Researchers from Shanghai Jiao Tong University and China University of Mining and Technology have developed TransLO. This LiDAR odometry network integrates a window-based masked point transformer with self-attention and masked cross-frame attention. Effectively handling sparse point clouds, TransLO employs a binary mask to eliminate invalid and dynamic points.
The approach discusses common LiDAR odometry methods, including Iterative Closest Point (ICP) variants and the widely used LOAM, which extracts features for motion estimation. It emphasizes LOAM’s variants, incorporating ground segmentation for improved performance. TransLO, the primary transformer-based LiDAR odometry network, the study combines CNNs and transformers for global feature embeddings, enhancing outlier rejection and 3D scene understanding. Components like projection-aware masks, Window-based Masked Self Attention (WMSA), and Masked Cross Frame Attention (MCFA) are evaluated through ablation studies to exhibit TransLO’s effectiveness.
LiDAR odometry is crucial for applications like SLAM, robot navigation, and autonomous driving, traditionally counting on ICP or feature-based approaches. Learning-based methods, particularly CNNs, face challenges in capturing long-range dependencies and global features in point clouds. TransLO uses a window-based masked point transformer with self-attention and masked cross-frame attention to process point clouds and predicts pose estimation efficiently.
TransLO employs a window-based masked point transformer that efficiently processes point clouds using a 2D projection, an area transformer capturing long-range dependencies, and an MCFA predicting pose estimation. Point clouds are projected onto a cylindrical surface, employing stride-based sampling layers with WMSA for feature encoding. CNNs enlarge the receptive field, and a projection-aware mask addresses point cloud sparsity. A pose-warping operation aids iterative refinement. Ablation studies confirm component effectiveness, and TransLO outperforms existing methods on the KITTI odometry dataset.

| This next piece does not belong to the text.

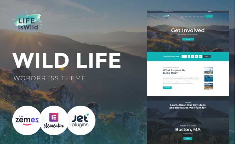 Lifewild is an Elementor events template suitable for conservation organizations, commercial and non-commercial institutions, and websites devoted to animals and nature.

The experiment results on the KITTI odometry dataset exhibit TransLO’s superior performance with a median rotational RMSE of 0.500°/100m and translational RMSE of 0.993%. TransLO outperforms recent learning-based methods and even surpasses LOAM on most evaluation sequences. Ablation studies highlight the importance of WMSA and the binary mask, which filters outliers. The MCFA module improves translation and rotation errors by establishing soft correspondences between frames, emphasizing its crucial role within the model’s success.
The TransLO framework introduces a projection step which will end in information loss, potentially affecting odometry accuracy. The study needs an in depth evaluation of the computational complexity of TransLO, hindering a radical understanding of its efficiency in comparison with other methods. Evaluation is confined to the KITTI odometry dataset, raising questions on the strategy’s generalizability to diverse scenarios. The shortage of comparisons with non-transformer methods restricts understanding TransLO’s relative strengths and weaknesses.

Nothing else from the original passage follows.